### COLLECTED MATERIAL
::::

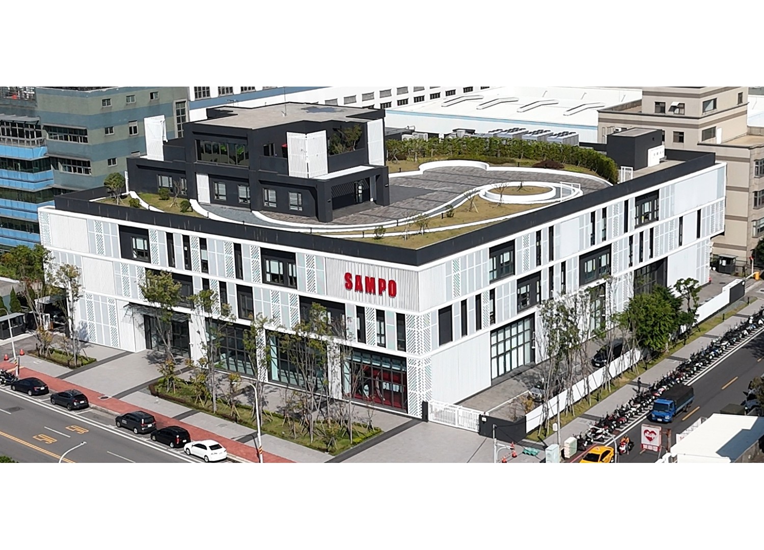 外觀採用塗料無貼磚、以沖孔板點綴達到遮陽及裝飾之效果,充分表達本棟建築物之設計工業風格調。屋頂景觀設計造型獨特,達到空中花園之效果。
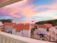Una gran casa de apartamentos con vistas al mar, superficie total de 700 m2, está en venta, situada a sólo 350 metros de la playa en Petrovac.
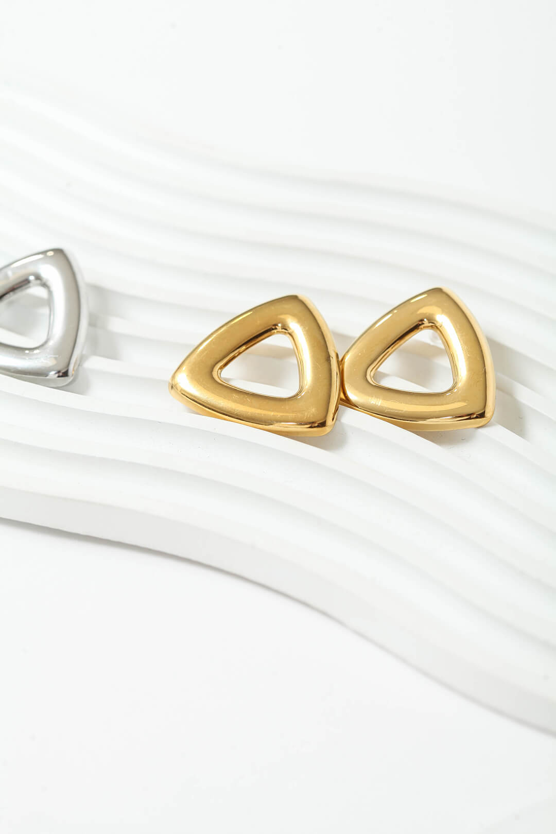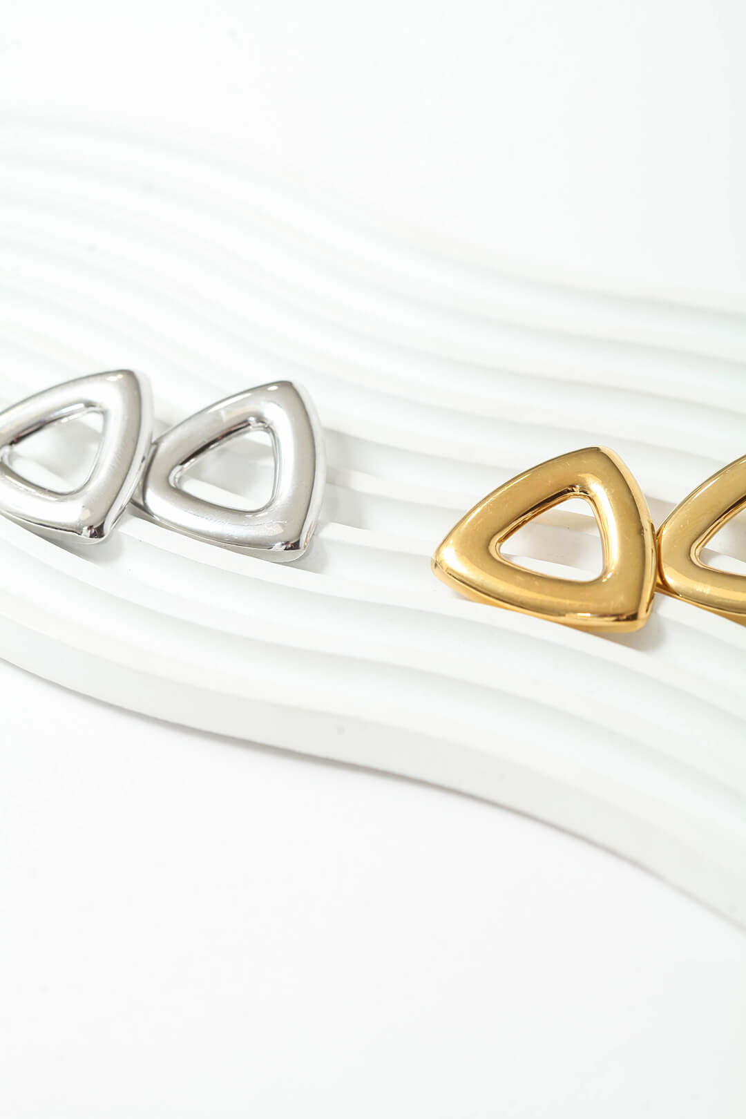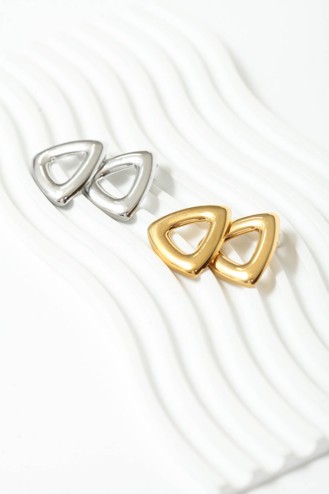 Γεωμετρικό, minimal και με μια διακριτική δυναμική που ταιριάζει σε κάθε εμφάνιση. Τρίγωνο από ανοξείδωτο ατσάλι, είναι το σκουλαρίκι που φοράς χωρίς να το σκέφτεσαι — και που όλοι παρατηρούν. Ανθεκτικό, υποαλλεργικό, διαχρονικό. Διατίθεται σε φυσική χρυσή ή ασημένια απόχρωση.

::::

### TASK
Would you restate word for word only the lines from the one containing "Una gran casa" to the final line of the material, both ends included, without any pictures?

### SOLUTION TO THIS EXERCISE
Una gran casa de apartamentos con vistas al mar, superficie total de 700 m2, está en venta, situada a sólo 350 metros de la playa en Petrovac.
 Γεωμετρικό, minimal και με μια διακριτική δυναμική που ταιριάζει σε κάθε εμφάνιση. Τρίγωνο από ανοξείδωτο ατσάλι, είναι το σκουλαρίκι που φοράς χωρίς να το σκέφτεσαι — και που όλοι παρατηρούν. Ανθεκτικό, υποαλλεργικό, διαχρονικό. Διατίθεται σε φυσική χρυσή ή ασημένια απόχρωση.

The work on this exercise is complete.